**Work task:**
Pictures appear among the records below and must be omitted. Repeat exactly the lines from the line with "8 inch boots" to the line with "We developed a", both included.

**Task inputs:**
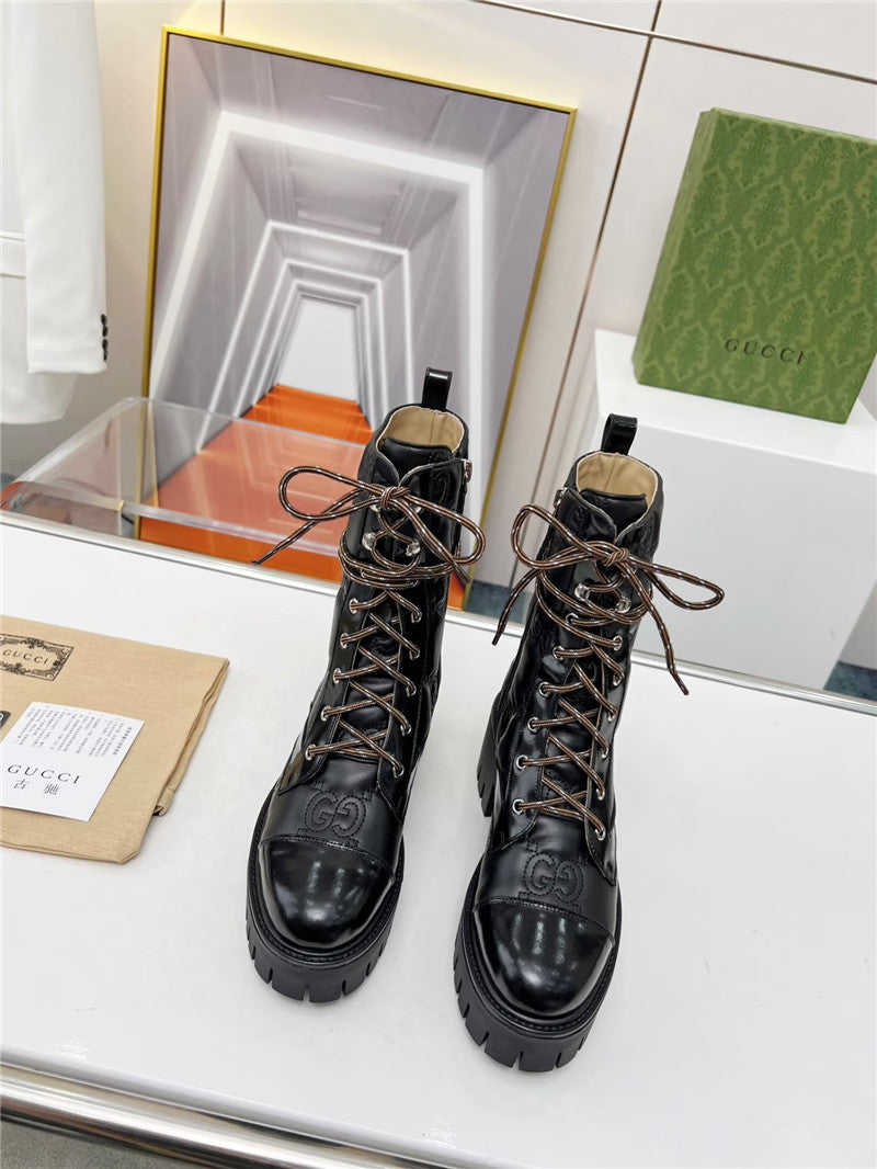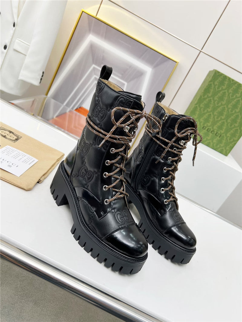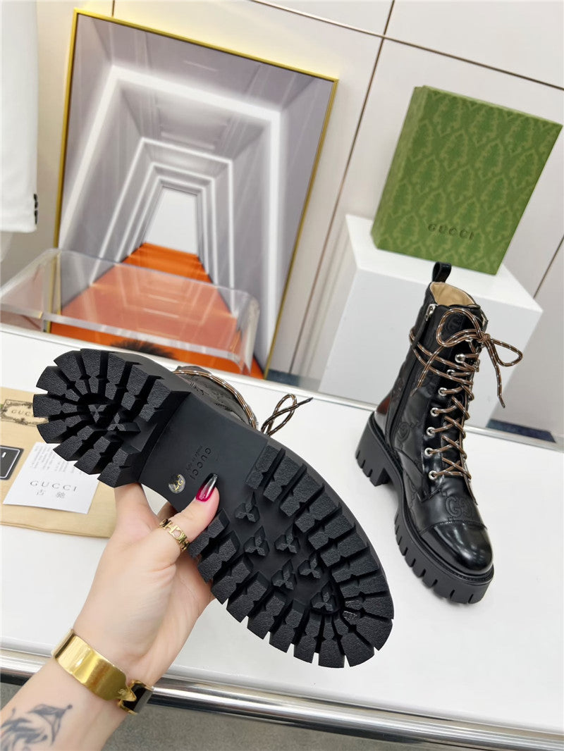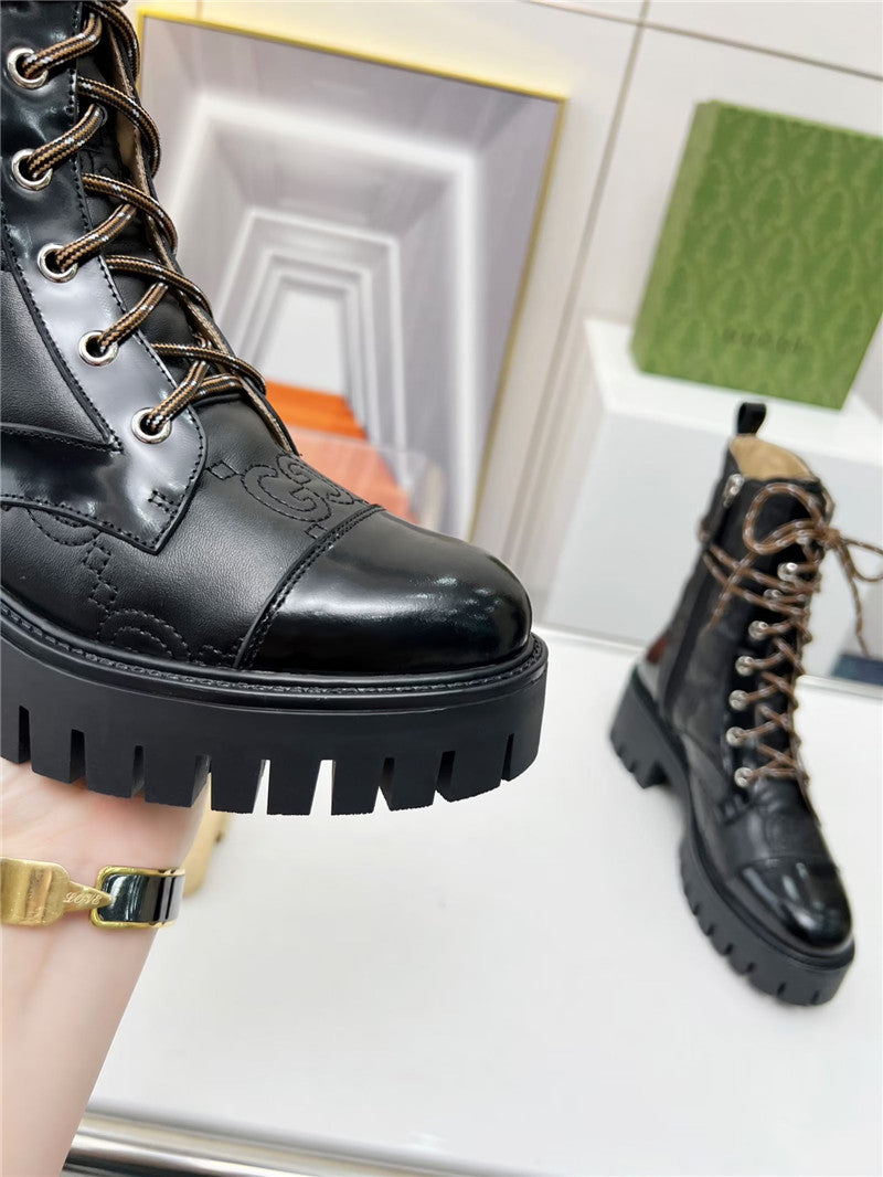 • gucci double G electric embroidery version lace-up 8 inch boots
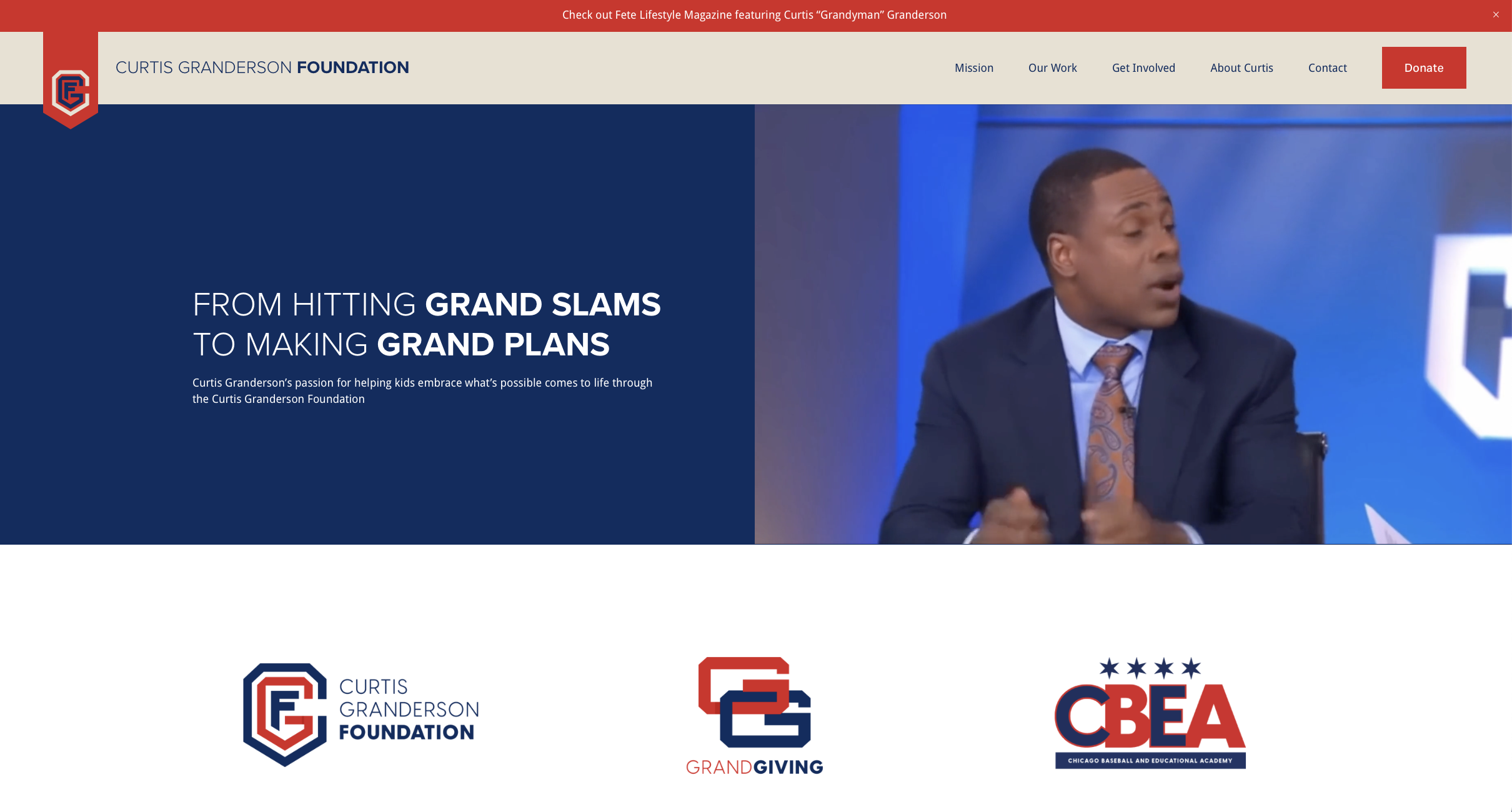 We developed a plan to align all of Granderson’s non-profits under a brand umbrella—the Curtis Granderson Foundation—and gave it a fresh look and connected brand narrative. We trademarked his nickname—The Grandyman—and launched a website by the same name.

* * *

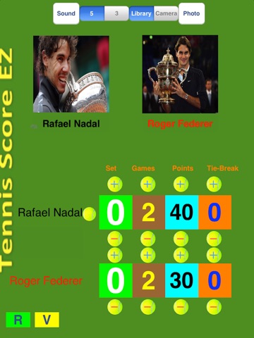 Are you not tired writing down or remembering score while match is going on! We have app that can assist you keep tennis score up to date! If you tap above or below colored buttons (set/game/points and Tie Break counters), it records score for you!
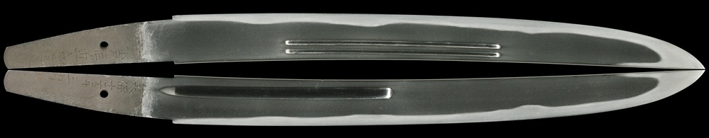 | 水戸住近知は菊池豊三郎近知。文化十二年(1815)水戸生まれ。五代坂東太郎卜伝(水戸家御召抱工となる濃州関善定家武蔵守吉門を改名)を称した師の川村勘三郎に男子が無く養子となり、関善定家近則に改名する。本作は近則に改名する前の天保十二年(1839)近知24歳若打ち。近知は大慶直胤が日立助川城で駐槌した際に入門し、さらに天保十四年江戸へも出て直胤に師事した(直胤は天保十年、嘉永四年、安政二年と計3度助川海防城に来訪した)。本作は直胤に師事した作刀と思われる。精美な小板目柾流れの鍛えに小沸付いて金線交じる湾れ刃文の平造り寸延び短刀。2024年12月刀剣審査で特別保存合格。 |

**Answer:**
 • gucci double G electric embroidery version lace-up 8 inch boots
 We developed a plan to align all of Granderson’s non-profits under a brand umbrella—the Curtis Granderson Foundation—and gave it a fresh look and connected brand narrative. We trademarked his nickname—The Grandyman—and launched a website by the same name.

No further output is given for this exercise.